But I’d struggle to match your claim along the lines of, “games and DAW developers would be more productive with a memory-safe language because they wouldn’t have to debug memory safety bugs”.
Memory safety in Rust might be “zero-cost” but it isn’t free.
Languages like Zig accept that developers spend time on things outside of memory bugs, seek to improve their productivity and quality of life in those areas, and trust that devs will pick tools that reduce their largest pain points, be that Zig or Rust or Odin.
The best response we as an industry can have to this is to say, “wow, I’m glad so many hard-working people feel motivated to bring some of those bars down on the Ways Software Sucks Chart, let’s give them our money and our support!”

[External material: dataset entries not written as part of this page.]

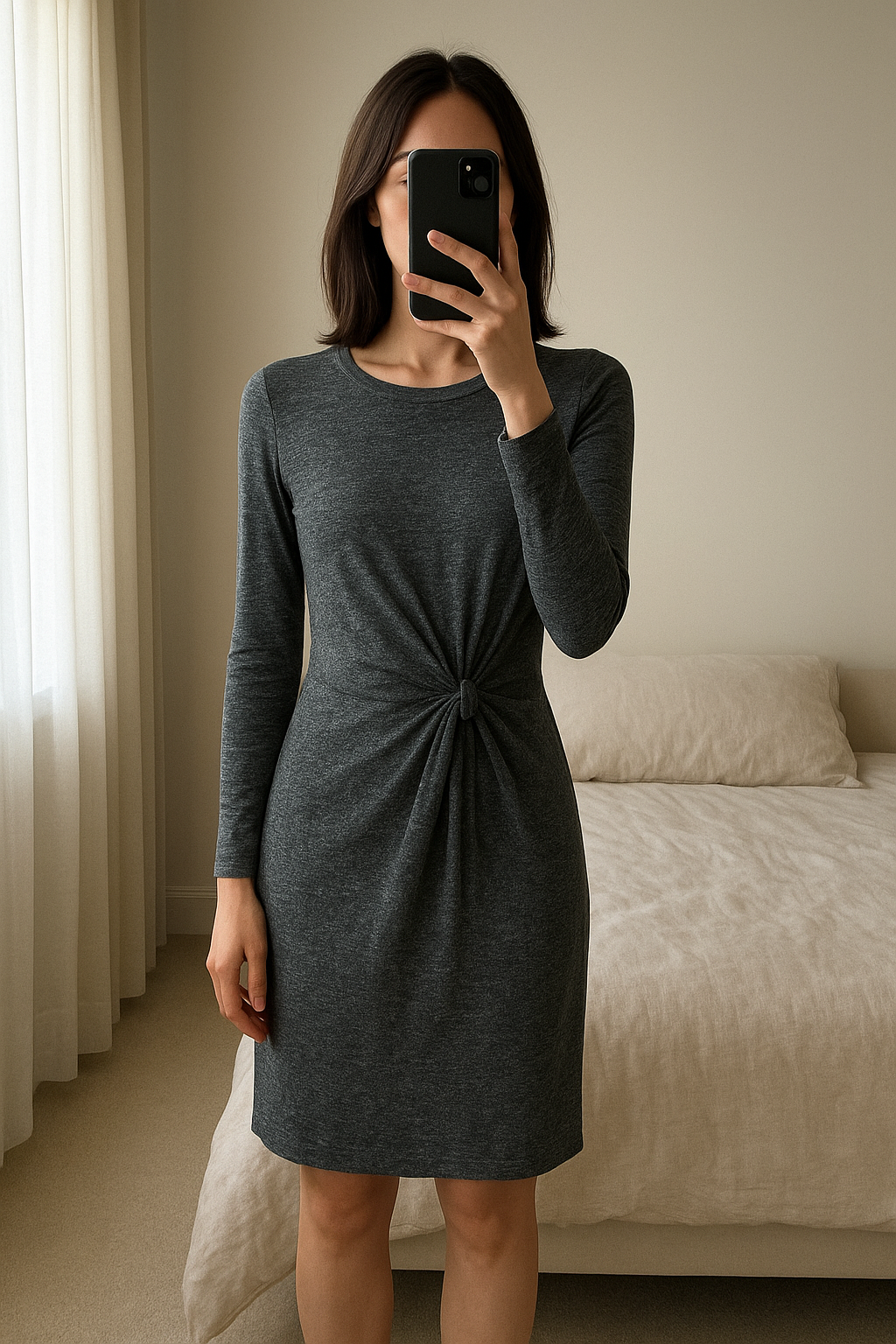 Topshop grey Marl long Sleeved dress - size 10 standing straight facing the camera, in a softly lit bedroom setting, with gentle natural light filtering through a window.
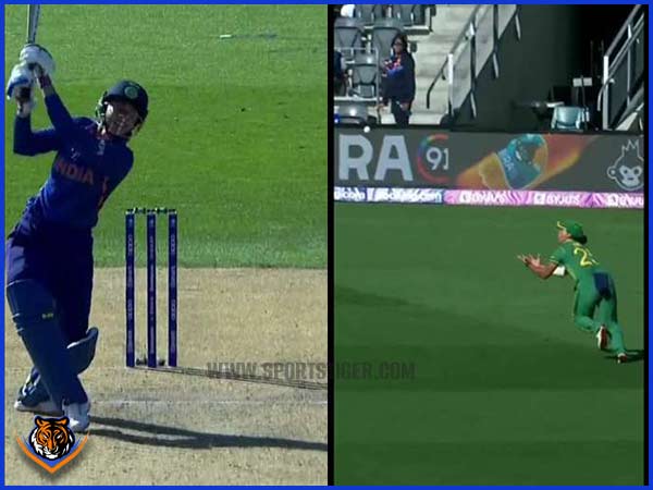 Tryon grabbed the catch in the 32nd over of the Indian innings. Masabata Klaas was bowling and Mandhana made some room and tried to loft the ball over mid-off but she did not get enough power behind the shot. Tryon flew towards her right and stunned Mandhana with her splendid diving catch.
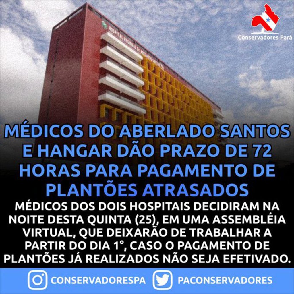 “Se não houver pagamento, a partir de quarta-feira, 1º, não haverá médicos para atender no Hangar e no Abelardo Santos. Isso é perfeitamente legal e vamos informar o Ministério Público, CRM e o próprio estado da decisão. É um abuso o que estão fazendo com os médicos no Pará”,
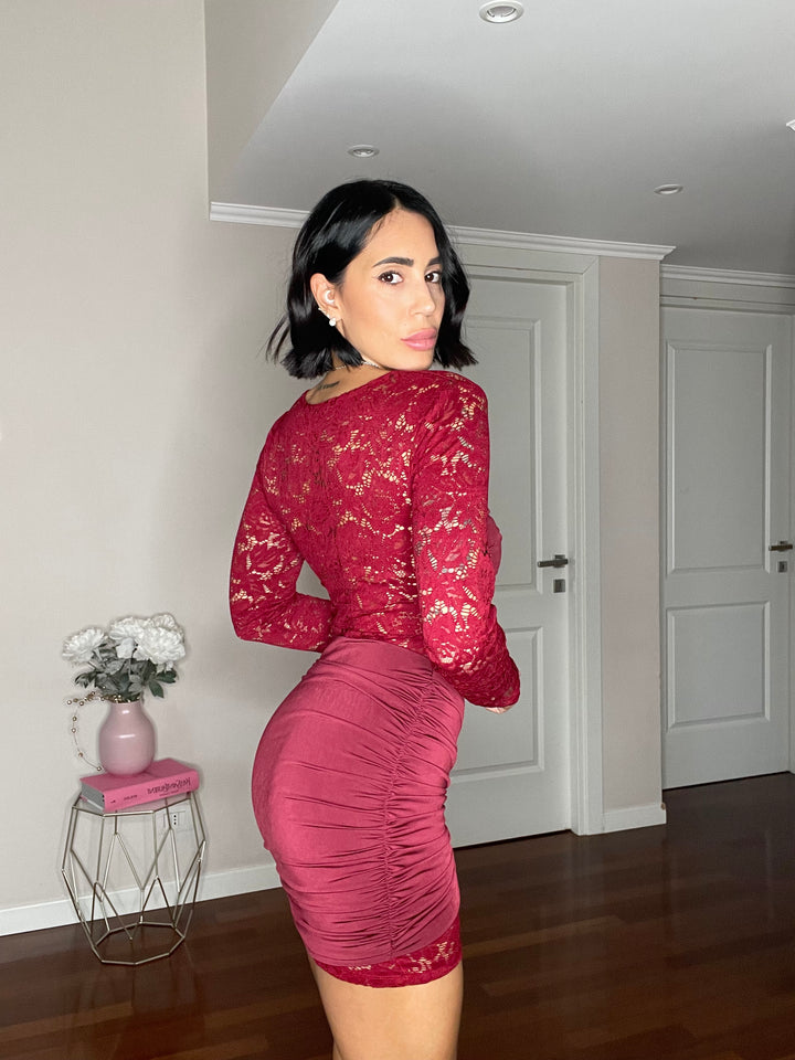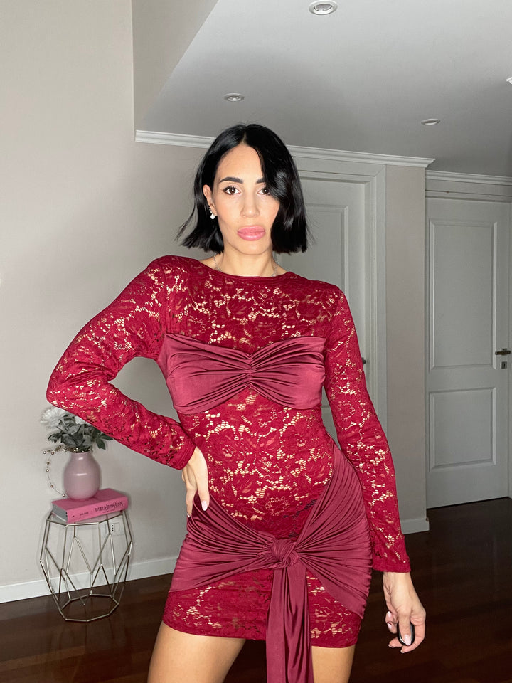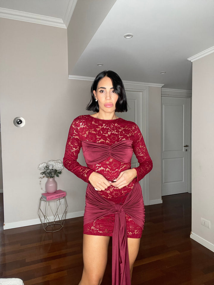 Abito interamente in pizzo con fusciacca regolabile in vita.
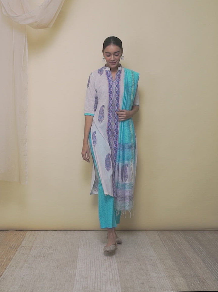 This 3-piece suit set includes our blue v-neck mandarin collar kurta,straight palazzo pants and dupatta. Accented with a vibrant yoke design and contrasting cuff details. Perfect for working from home.
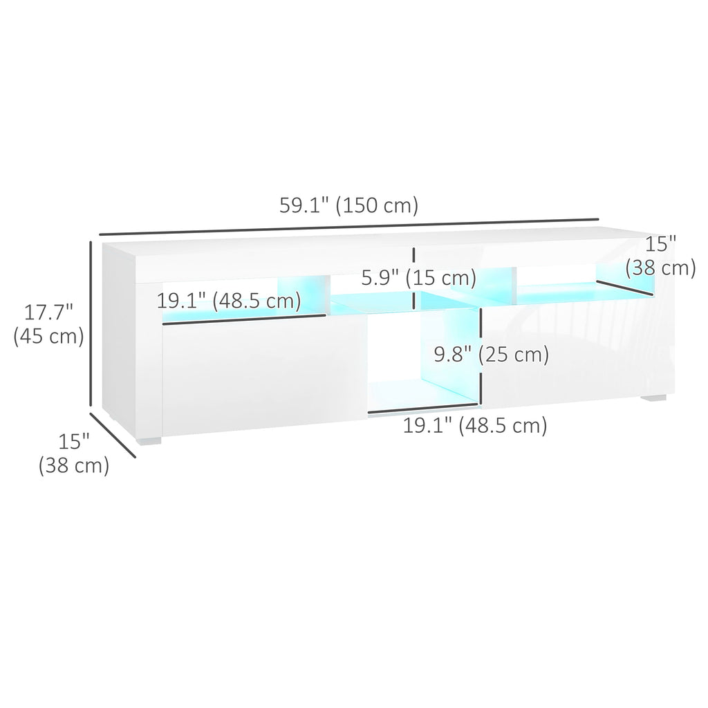 This modern TV cabinet offers both style and functionality, featuring dazzling LED lighting and ample storage space for all your media needs. The tempered glass shelf is equipped with a removable LED light strip, allowing you to customize the lighting with 16 colors, 16 brightness levels, and 4 dynamic modes: flash, strobe, fade, and smooth, all controllable via remote. With a spacious 59.1" (150 cm) top, this TV stand supports TVs up to 55 inches. It also includes two cabinets and four open compartments, providing plenty of room to store remotes, game controllers, media cases, decorations, and more. The high gloss finish on the front surface enhances the sleek, modern look, while the handle-free doors create a seamless aesthetic. Crafted from melamine-coated MDF and tempered glass, this TV unit is easy to clean and built for long-lasting use. The protective foot pads ensure your floors stay scratch-free, and assembly is straightforward with the included manual.
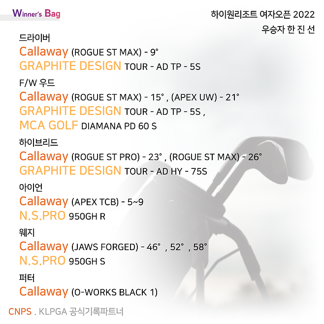 이 외에도 이날 한진선 프로가 사용한 클럽과 우승 데이터가 궁금하다면? 하단의 링크를 클릭!
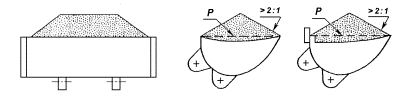 Примечание. При вычислении геометрической вместимости ковшей местные выступы (зубья ковша, держатели зубьев, удлинители боковых и задних стенок или режущих кромок) не учитывают. 1.3. Номинальную вместимость ковша Vном в м3 для ковша прямой лопаты, обратной лопаты с одной открытой стороной, погрузочного и грейферного вычисляют как сумму геометрической вместимости ковша Vг и объема “шапки” Vш по формуле Vном = Vг + Vш (3) Номинальную вместимость ковша Vном в м3 для ковша обратной лопаты с двумя открытыми сторонами и драглайна определяют объемом, ограниченным внутренними поверхностями днища, стенок и плоскостью, образованной откосом грунта под углом 75° к горизонтали, а также поверхностью, образованной перемещением прямой, перпендикулярной к плоскости симметрии ковша по профилю другой открытой стороны ковша. При этом задние грани боковых стенок обратной лопаты должны находиться в вертикальном положении (черт. 5), а днище ковша драглайна должно находиться в горизонтальном положении (черт. 6). Примечание. При вычислении номинальной вместимости ковшей местные выступы (зубья ковша, держатели зубьев, удлинители боковых и задних стенок или режущих кромок) не учитывают. Исключением является погрузочный ковш, у которого учитывают козырек задней стенки, но без защитного козырька. 1.3.1. Объем “шапки” Vш - объем материала, лежащего на разделительной плоскости Р (или разделительной поверхности) с уклоном 1:1 (45°) в ковшах типа “обратная лопата” (черт. 2) и с уклоном 2:1 (26°) в ковшах оборудования прямого копания и погрузочного (черт. 1, 3). 1.3.2. Геометрическую вместимость ковша и объем “шапки” грунта для погрузочных ковшей с непрямолинейной боковой кромкой и соотношением размеров Х/У более 12 (см. рекомендуемое приложение) в зависимости от формы и расположения задней стенки и режущей кромки определяют по черт. 9 - 13 и формулам (4)-(10). 1.3.2.1. Основной ковш (см. черт. 9). Задняя стенка основного ковша не должна выступать за поперечную прямую, соединяющую задние углы боковых стенок, а режущая кромка не должна выступать за поперечную прямую, соединяющую передние углы боковых стенок. Разделительная плоскость должна проходить в задней части ковша через прямую, идущую вдоль верхнего края задней стенки, а в передней части ковша - через прямую, идущую вдоль верхнего края режущей кромки. 1.3.2.2. Ковш с выступающей прямолинейной кромкой (см. черт. 10) Режущая кромка такого ковша должна быть прямолинейна в поперечном направлении и выступать за поперечную прямую, соединяющую передние углы боковых стенок, а задняя стенка не должна выступать за поперечную линию, соединяющую задние углы боковых стенок.

To me that’s healthier than assuming that everyone’s Suck Chart looks the same, tapping the memory safety bar over on the right and saying, “sheesh, anyone using a language that doesn’t fix this bar just doesn’t realise how productive they could be!”.
It also detracts from celebrating the engineering achievement here. Two people deleted their creaking C++ compiler by writing a custom interpreter in two weeks so their language can be bootstrapped using only system-installed tools. It is uncharitable to insinuate that they needn’t have bothered because if you really care about productivity you wouldn’t use languages like their one anyway.